Project OpenInsight - Analyze the history of Postgres pg_cron  Jobs

Project OpenInsight - Analyze the history of Postgres pg_cron Jobs

·

3 min read

By Itay Braun, CTO, Metis

Database maintenance is a critical aspect of managing PostgreSQL databases, and automation can greatly simplify routine tasks. In this blog post, we'll explore how to use the pg_cron extension to create a cron job in PostgreSQL. Then we'll use a Notebook to analyze the history of the jobs.

Using pg_cron to Automate Tasks

pg_cron is an extension for PostgreSQL that allows you to schedule and manage cron jobs directly within your database. It simplifies the process of automating database tasks, making it easier to execute SQL queries at specific intervals.

Installing pg_cron

Before we create our cron job, we need to ensure that pg_cron is installed and enabled in our PostgreSQL database. You can follow these steps to install pg_cron:

  1. Download the pg_cron extension from the official GitHub repository or use your distribution's package manager if available.

  2. Load the extension into your PostgreSQL database:

-- Connect to your PostgreSQL database
CREATE EXTENSION IF NOT EXISTS pg_cron;

Creating a Cron Job with pg_cron

Now that we have pg_cron installed, let's create a cron job that will delete old data from a PostgreSQL table every Saturday at 3:30 AM GMT.

-- Schedule a job to delete old data on Saturday at 3:30 AM GMT
SELECT cron.schedule(
    'delete_old_data',
    '30 3 * * 6', -- Cron schedule: 30 minutes past 3 AM every Saturday
    'DELETE FROM events WHERE event_time < now() - interval ''1 week'''
);

Here's a breakdown of the cron.schedule function call:

  • 'delete_old_data': This is the name of the cron job.

  • '30 3 * * 6': This is the cron schedule expressed as a string. It represents 3:30 AM (30 minutes past 3 AM) every Saturday (day of the week 6).

  • The SQL command 'DELETE FROM events WHERE event_time < now() - interval ''1 week''' is the query that will be executed when the cron job runs. In this case, it deletes old data from the "events" table where the "event_time" is more than one week old.

💡
Tip: Writing the cron schedule expression (such as "30 3 6") might be tricky. Use crontab.guru to view the schedule in simple English.
💡
Tip: If the SQL text is long, or contains deep internal logic, it is recommended to replace it with a function. This way you can test and debug the function, rather than a long SQL code.

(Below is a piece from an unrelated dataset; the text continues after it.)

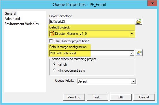 Open PrecisionForms Email and configure the email queue’s default project and change the default merge configuration to “PDF with Job Ticket.”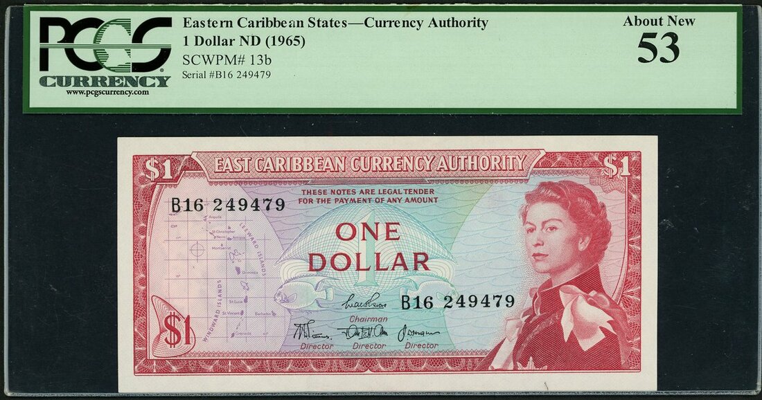 East Caribbean States, $1, ND (1965), (Pick 13b), in PCGS Currency holder 53 About New

Managing and Verifying Cron Jobs

You can view the list of scheduled cron jobs in your database using the following query:

SELECT * FROM cron.job;

To remove a scheduled cron job, you can use the cron.unschedule function:

SELECT cron.unschedule('delete_old_data');

Monitoring and Administering pg_cron Jobs in PostgreSQL

Effective management of pg_cron jobs in PostgreSQL involves:

  1. Success and Failure Rates: Regularly tracking these rates helps assess job reliability and pinpoint potential issues.

  2. Average Job Duration: Monitoring job run times aids in identifying performance anomalies or resource constraints.

  3. Identifying High Durations: Consistently high durations may indicate problems requiring investigation or optimization.

  4. Accessing Error Messages: Detailed error messages are crucial for quick troubleshooting and maintaining job reliability.

Incorporating these practices ensures the efficiency and reliability of your scheduled tasks.

💡
Insight: the table cron.job_run_details requires a job to delete old data. If you don't do that, the table will continue to grow. It is recommended to write a job that runs every day and delete data older than X days.

Observability Toolkit

I wrote about an open-source observability-toolkit-for-postgres. It now contains a new notebook for cron jobs. The Notebook covers the administrative tasks listed above:

  • Extension configuration

  • Success and failure rate

  • The current size of the table cron.job_run_details.

  • Average job duration

  • View detailed runs to understand the error messages and high durations.